For ES8, the original investigators queried 1 consensus and 11 escape variants of the GAG TW10 epitope family, 10 of which this particular elite suppressor had acquired and as detected via sensitive RT-PCR in either plasma or pro-viral samples, representing the epitope family of highest acquired escape variants. Following training models on all pairwise variants as described previously, a clustered heatmap was used to visualize the pairwise 1-Delta Predictions to compare the immune repertoires of these 10 autologous epitope variants (Fig. 5c) where a large value denotes similarity between the any pair of repertoires.

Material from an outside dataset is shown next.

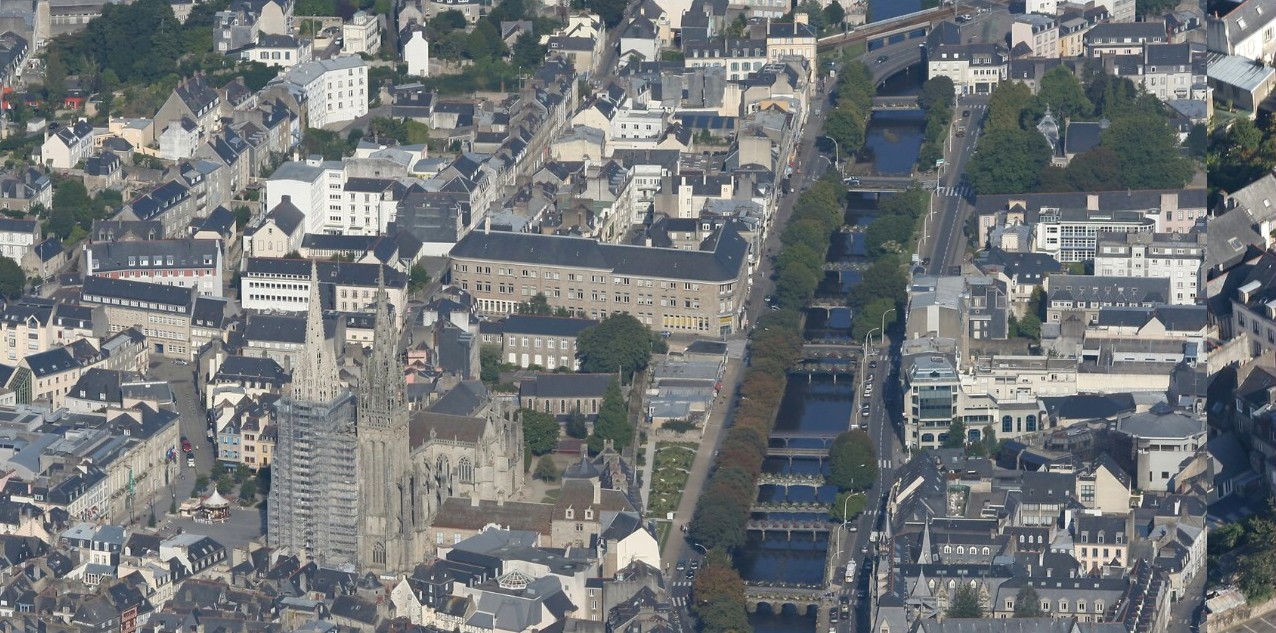 I can tell you from the scaffolding that this photo, even though this is the first time I’ve ever seen it, was probably taken in 2006, because all my Quimper Cathedral photos when I went there in 2006 also had one of the Cathedral towers smothered in scaffolding. That was in September. My guess is that the above aerial photo was taken earlier that summer.

When examining this clustered heatmap, we noted that the consensus epitope (denoted by *) was distinguishable from most the acquired escape variants in ES8. This finding was consistent with the original IFN-γ based work which, for example, demonstrated that the Q244T/I247V/G238A triple mutant could not be recognized by other elite suppressors who had immune responses to the consensus epitope, suggesting that this immune response was novel^46,50.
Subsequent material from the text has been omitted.